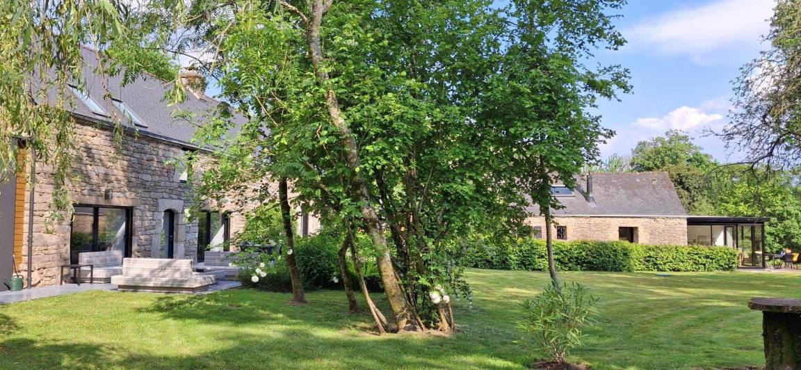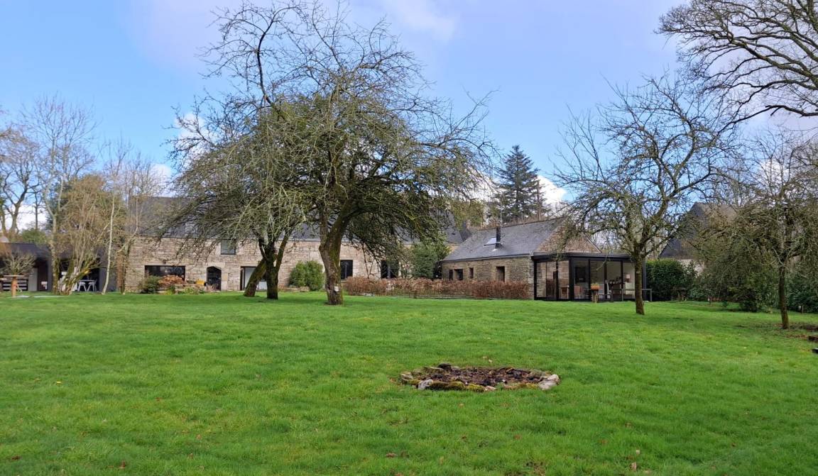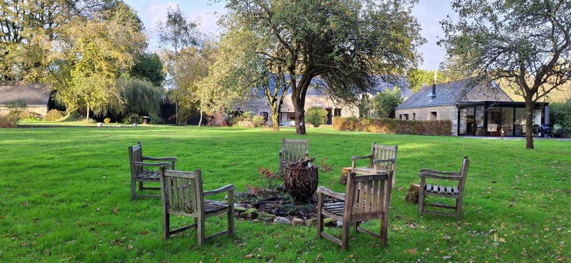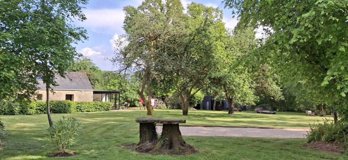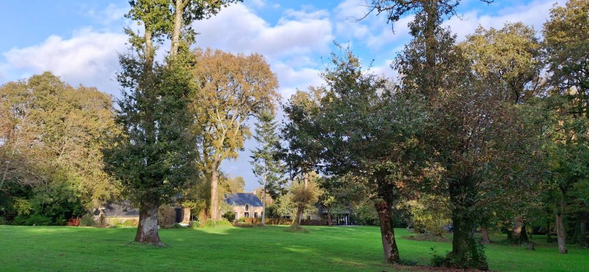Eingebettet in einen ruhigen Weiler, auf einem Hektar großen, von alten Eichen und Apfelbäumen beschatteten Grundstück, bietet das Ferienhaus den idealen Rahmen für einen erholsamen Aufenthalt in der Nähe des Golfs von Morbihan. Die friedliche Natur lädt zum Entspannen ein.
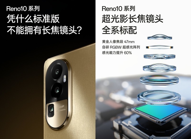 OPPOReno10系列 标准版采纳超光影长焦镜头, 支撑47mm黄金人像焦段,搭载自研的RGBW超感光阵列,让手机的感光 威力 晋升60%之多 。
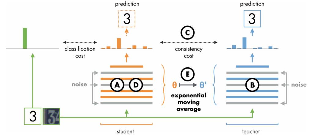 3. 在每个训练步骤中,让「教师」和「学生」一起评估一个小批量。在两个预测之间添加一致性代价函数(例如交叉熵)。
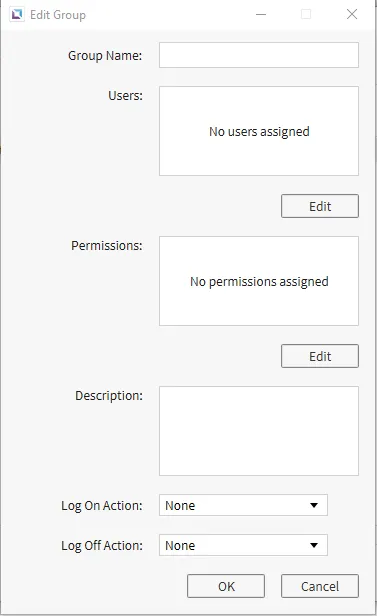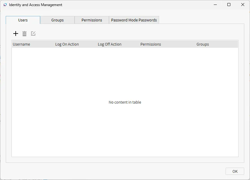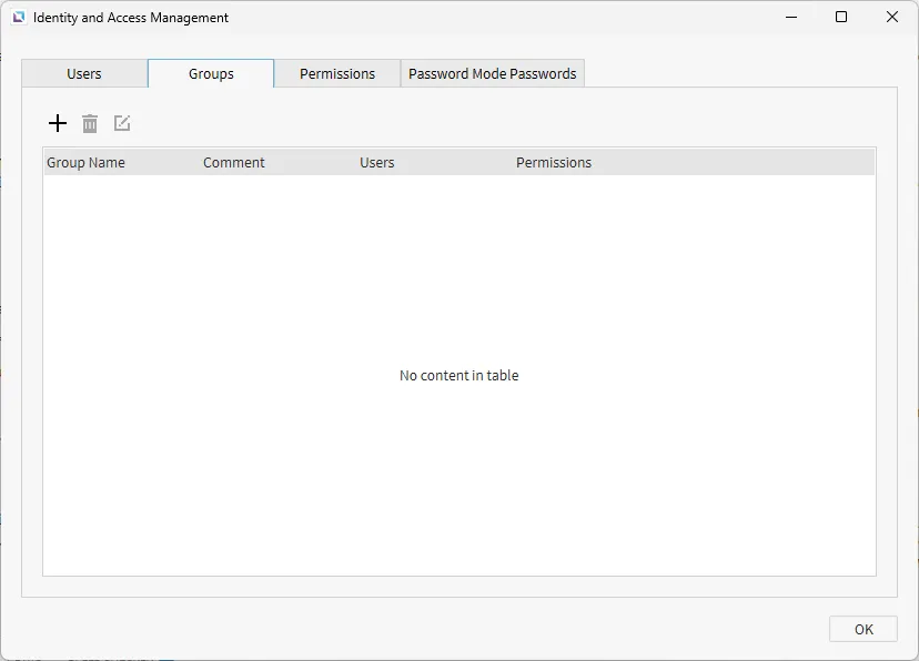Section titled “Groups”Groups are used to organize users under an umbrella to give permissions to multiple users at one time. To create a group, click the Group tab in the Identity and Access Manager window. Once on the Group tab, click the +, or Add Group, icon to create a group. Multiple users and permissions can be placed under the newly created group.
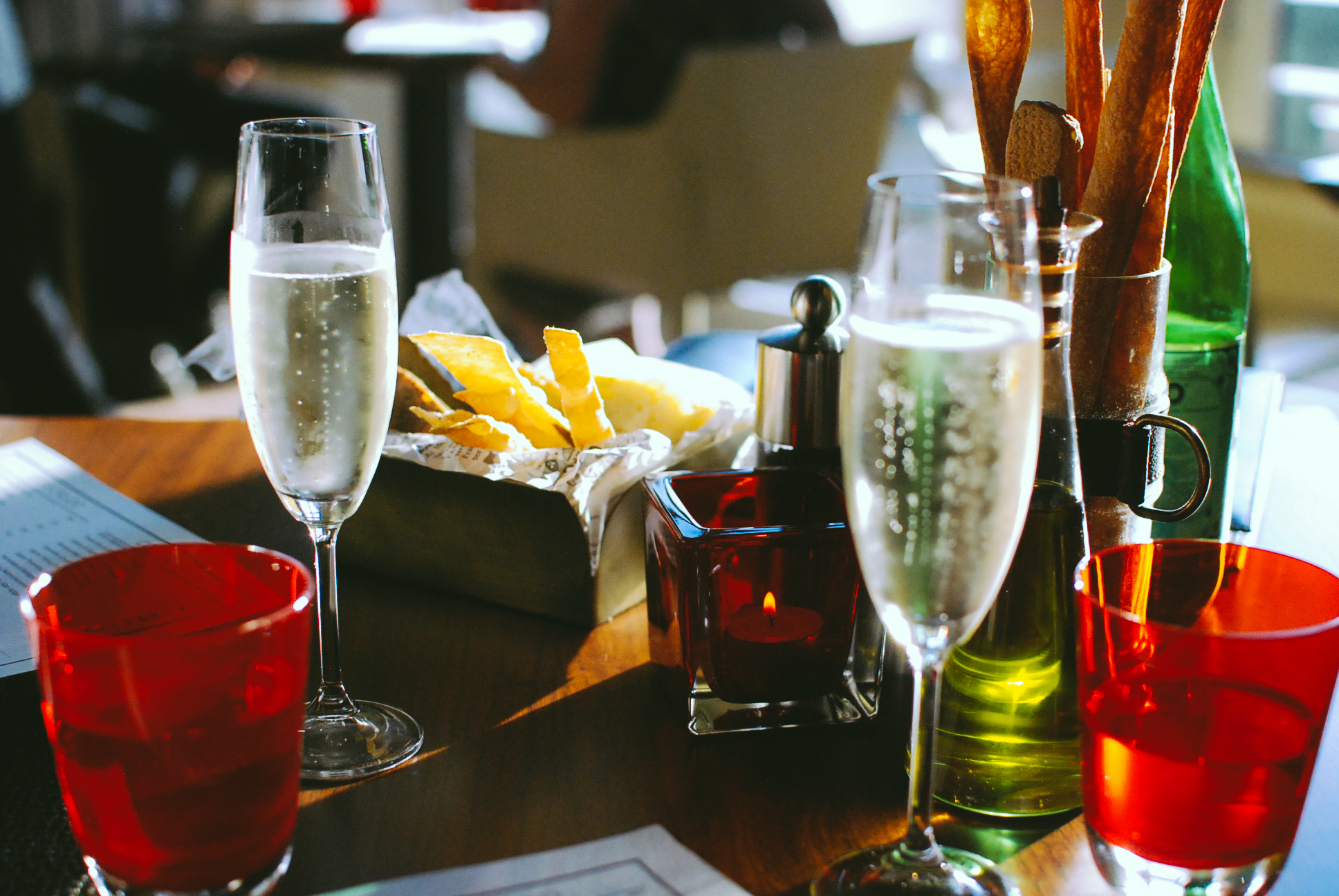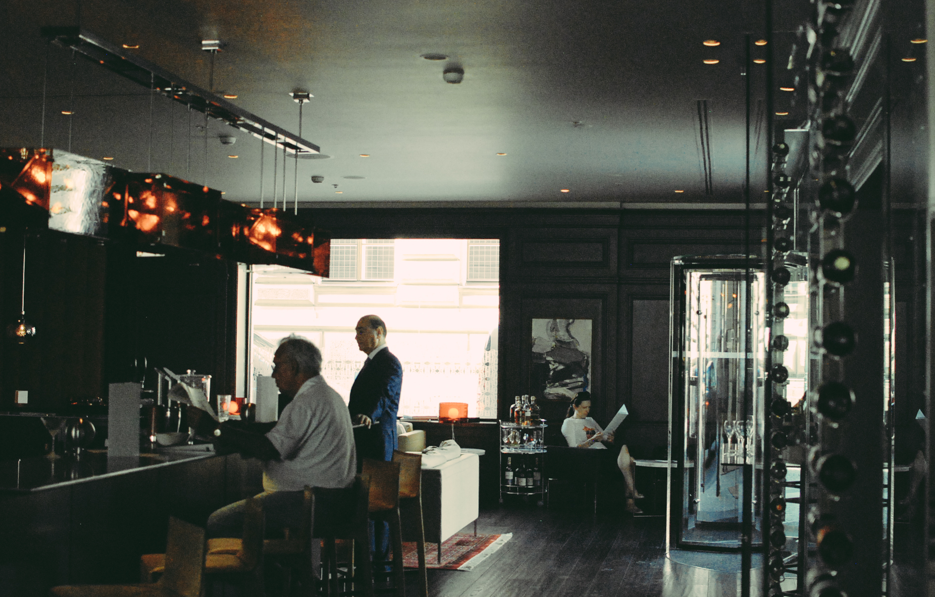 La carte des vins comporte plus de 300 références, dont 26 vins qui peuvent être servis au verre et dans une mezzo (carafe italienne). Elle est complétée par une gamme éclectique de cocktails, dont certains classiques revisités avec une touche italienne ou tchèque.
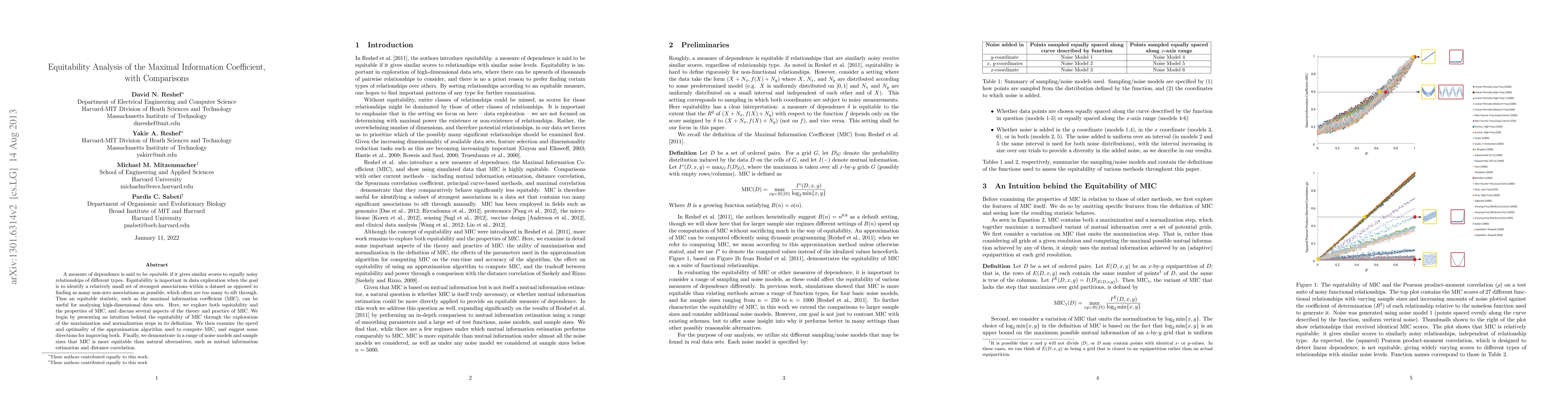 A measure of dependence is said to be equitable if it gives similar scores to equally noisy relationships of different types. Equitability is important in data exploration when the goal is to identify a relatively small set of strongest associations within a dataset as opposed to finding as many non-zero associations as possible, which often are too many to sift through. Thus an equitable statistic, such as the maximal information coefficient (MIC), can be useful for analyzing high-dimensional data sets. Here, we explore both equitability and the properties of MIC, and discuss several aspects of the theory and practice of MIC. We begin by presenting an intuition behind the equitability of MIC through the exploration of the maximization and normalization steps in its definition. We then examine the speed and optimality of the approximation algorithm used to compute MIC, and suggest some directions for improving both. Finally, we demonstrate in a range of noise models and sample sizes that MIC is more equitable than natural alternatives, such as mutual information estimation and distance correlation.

+===+

### Required work
In the listing above, find the line with "newly created group." and the line with "La carte des". Transcribe those two and everything between, exactly, leaving out pictures.

### Expected answer
Section titled “Groups”Groups are used to organize users under an umbrella to give permissions to multiple users at one time. To create a group, click the Group tab in the Identity and Access Manager window. Once on the Group tab, click the +, or Add Group, icon to create a group. Multiple users and permissions can be placed under the newly created group.
 La carte des vins comporte plus de 300 références, dont 26 vins qui peuvent être servis au verre et dans une mezzo (carafe italienne). Elle est complétée par une gamme éclectique de cocktails, dont certains classiques revisités avec une touche italienne ou tchèque.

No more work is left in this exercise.